- Activity -
Copy every record below exactly, leaving out any pictures.

Dataset excerpts

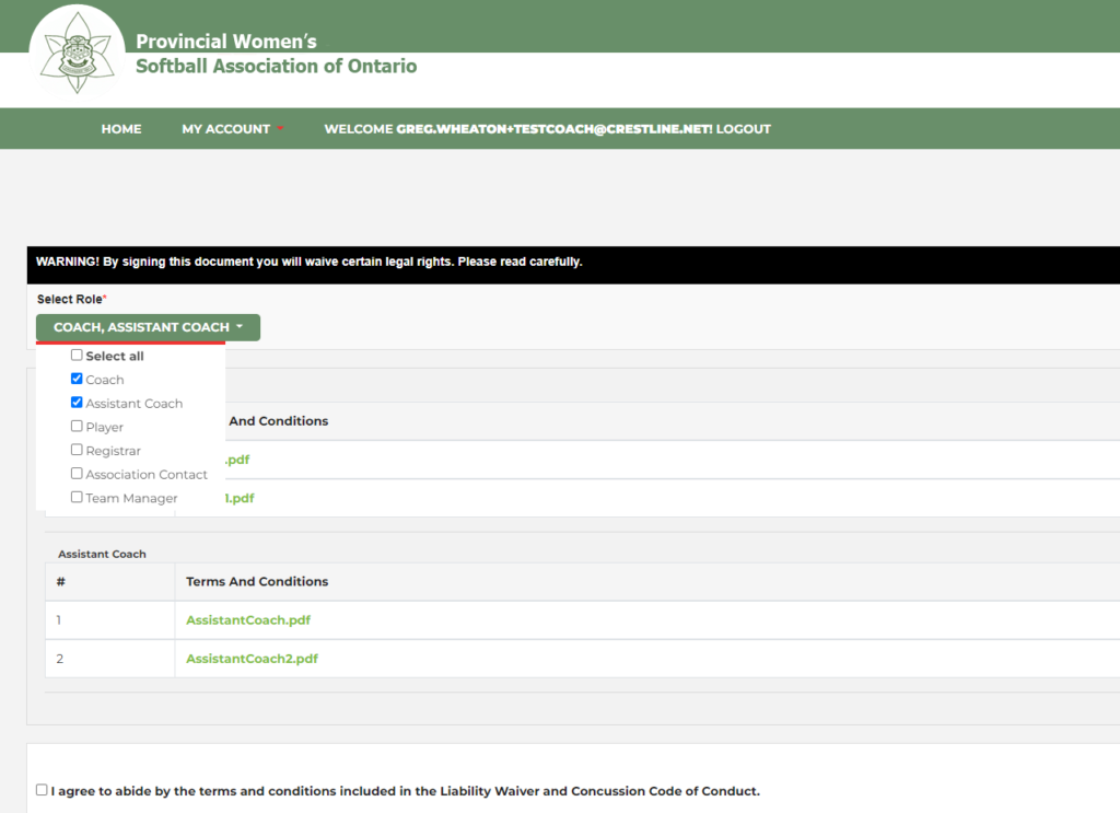 Users who wish to become coaches or assistant coaches will have to select the appropriate role during the user registration process.
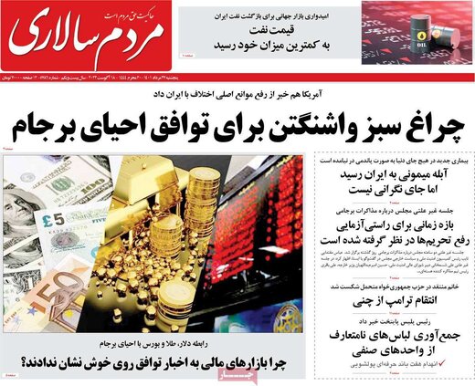 صفحه اول روزنامه های 5شنبه27مرداد1401
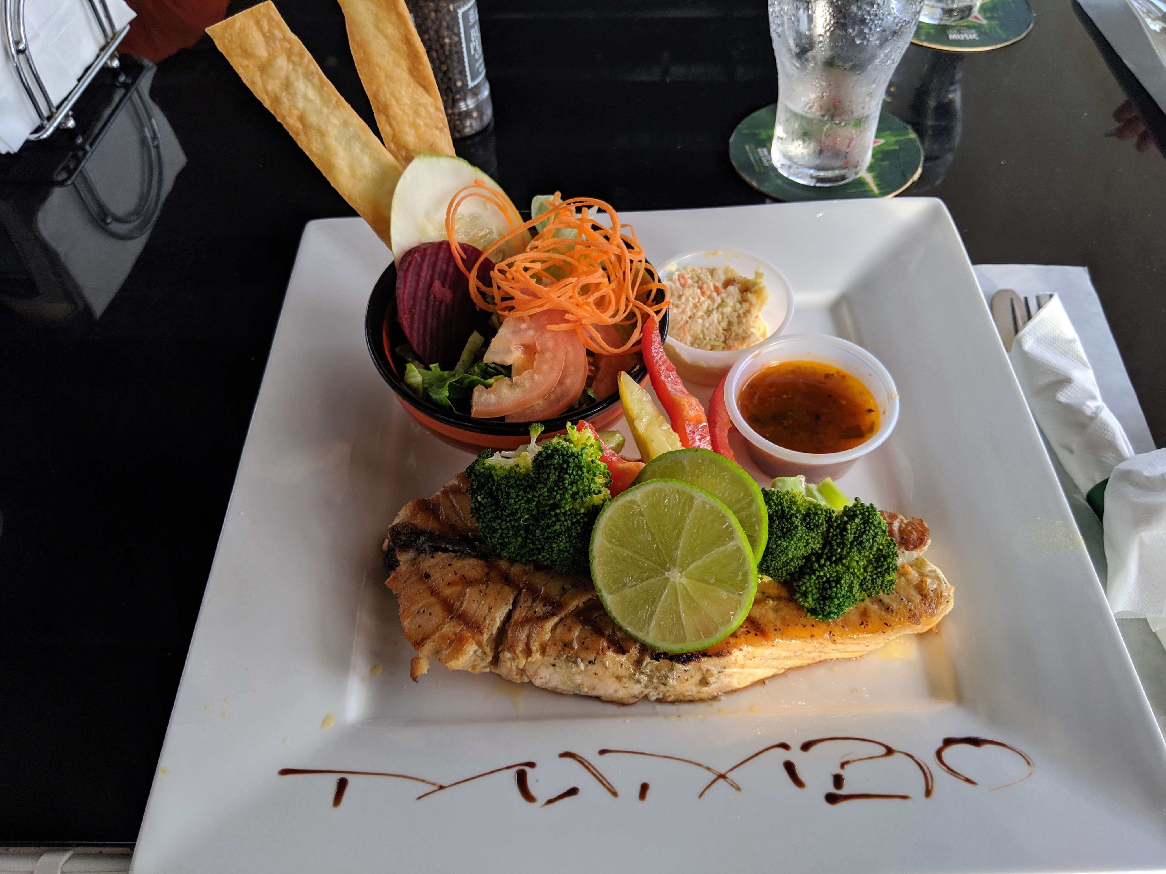Cody and I immediately went for the seafood section, come on … we are on an island. Cody went for the Red Snapper fillet, and I had the Atlantis Salmon Steak. I ALWAYS go for salmon! Both were done superbly. The fish was cooked just right, delicious side dishes, and elegant plating. We’re not sure what was written on the side of the plate in chocolate, but it was chocolate, so it’s all good! [I just took another look quickly … it says MAMBO!!]
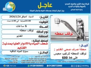 وأكدت الشركة أنه سيترتب على تنفيذ الأعمال انقطاع المياه عن مركز الغنايم خلال فترة التنفيذ، كما من المتوقع حدوث ضعف خفيف في ضغط المياه بالأدوار العليا، ولضمان تلبية احتياجات المواطنين، سيتم الدفع بسيارات مياه نقية طوال مدة الأعمال وحتى الانتهاء منها وعودة الخدمة إلى انتظامها الطبيعي.
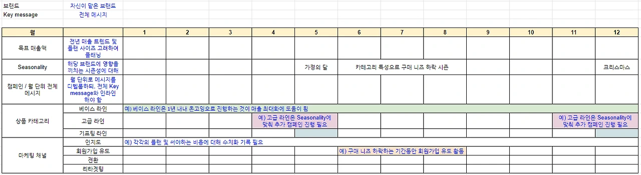그래서 최종 완성된 연간 플래닝의 포맷을 보자면 다음과 같다. 예시 포맷이라 숫자는 없이, 들어가야 할 요소에 대한 내용만 채워 넣었지만, 실제 연간 플래닝은 이 모든 것이 숫자와 함께 기록되어있다.
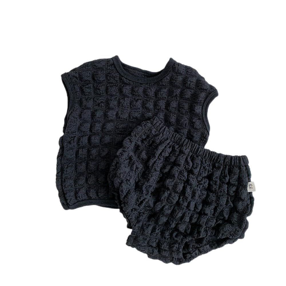 VNGOLERRY ベビー服 女の子 セットアップ 夏 上下セット ぽこぽこ ポコポコ ポップコーン ベビー 幼児 赤ちゃん キッズ 70 80 90 100 可愛い ガールズ シンプル エンボス 凸凹 コットン ホワイト ブラック おしゃれ
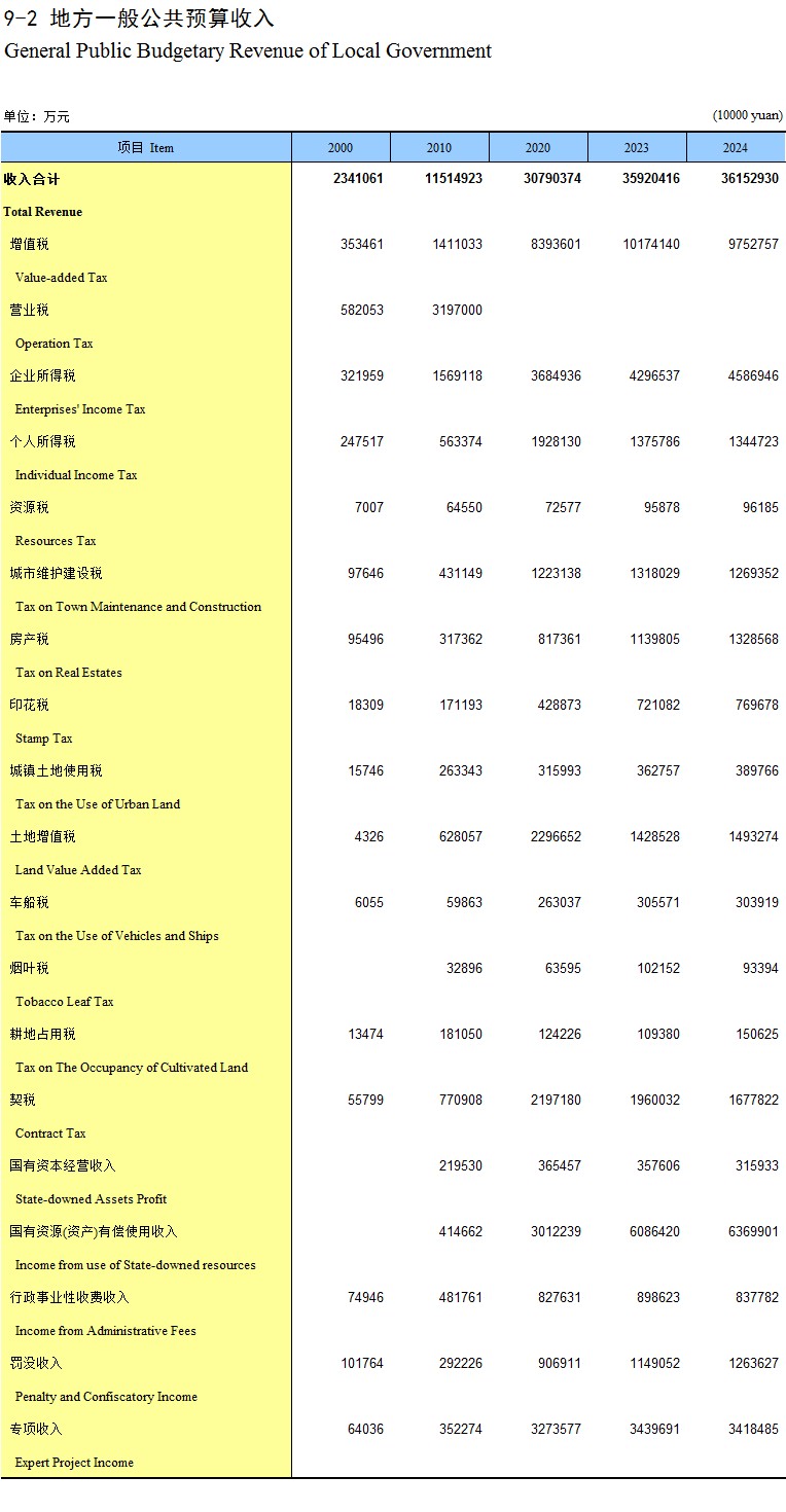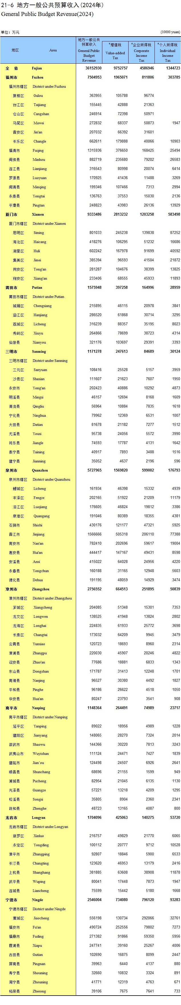 21-6 地方一般公共预算收入(2024年)
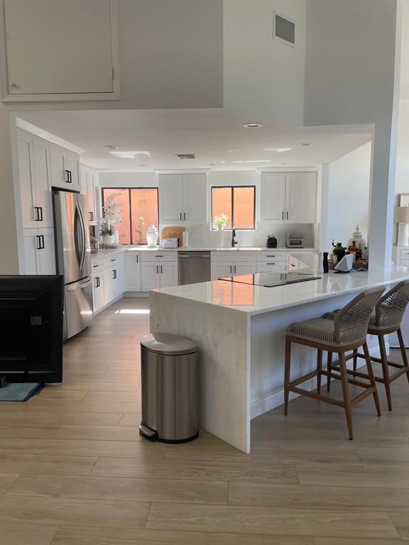 Villa Flora of Boca Pointe!! Renovated one story, single family home in desirable Villa Flora of BOCA POINTE. Brand new roof, brand new A/C, brand new stainless steel appliances. Italian porcelain plank flooring throughout. Completely open kitchen with white cabinetry and natural stone quartzite countertops with matching backsplash and waterfall edge. Custom built closets new doors and new hardware. Bathrooms encompass Italian porcelain flooring throughout as well as quartz countertops. BOCA POINTE is a NON mandatory equity membership community. You can get pricing for social and golf memberships.

- Finished task -
 Users who wish to become coaches or assistant coaches will have to select the appropriate role during the user registration process.
 صفحه اول روزنامه های 5شنبه27مرداد1401
Cody and I immediately went for the seafood section, come on … we are on an island. Cody went for the Red Snapper fillet, and I had the Atlantis Salmon Steak. I ALWAYS go for salmon! Both were done superbly. The fish was cooked just right, delicious side dishes, and elegant plating. We’re not sure what was written on the side of the plate in chocolate, but it was chocolate, so it’s all good! [I just took another look quickly … it says MAMBO!!]
 وأكدت الشركة أنه سيترتب على تنفيذ الأعمال انقطاع المياه عن مركز الغنايم خلال فترة التنفيذ، كما من المتوقع حدوث ضعف خفيف في ضغط المياه بالأدوار العليا، ولضمان تلبية احتياجات المواطنين، سيتم الدفع بسيارات مياه نقية طوال مدة الأعمال وحتى الانتهاء منها وعودة الخدمة إلى انتظامها الطبيعي.
그래서 최종 완성된 연간 플래닝의 포맷을 보자면 다음과 같다. 예시 포맷이라 숫자는 없이, 들어가야 할 요소에 대한 내용만 채워 넣었지만, 실제 연간 플래닝은 이 모든 것이 숫자와 함께 기록되어있다.
 VNGOLERRY ベビー服 女の子 セットアップ 夏 上下セット ぽこぽこ ポコポコ ポップコーン ベビー 幼児 赤ちゃん キッズ 70 80 90 100 可愛い ガールズ シンプル エンボス 凸凹 コットン ホワイト ブラック おしゃれ
 21-6 地方一般公共预算收入(2024年)
 Villa Flora of Boca Pointe!! Renovated one story, single family home in desirable Villa Flora of BOCA POINTE. Brand new roof, brand new A/C, brand new stainless steel appliances. Italian porcelain plank flooring throughout. Completely open kitchen with white cabinetry and natural stone quartzite countertops with matching backsplash and waterfall edge. Custom built closets new doors and new hardware. Bathrooms encompass Italian porcelain flooring throughout as well as quartz countertops. BOCA POINTE is a NON mandatory equity membership community. You can get pricing for social and golf memberships.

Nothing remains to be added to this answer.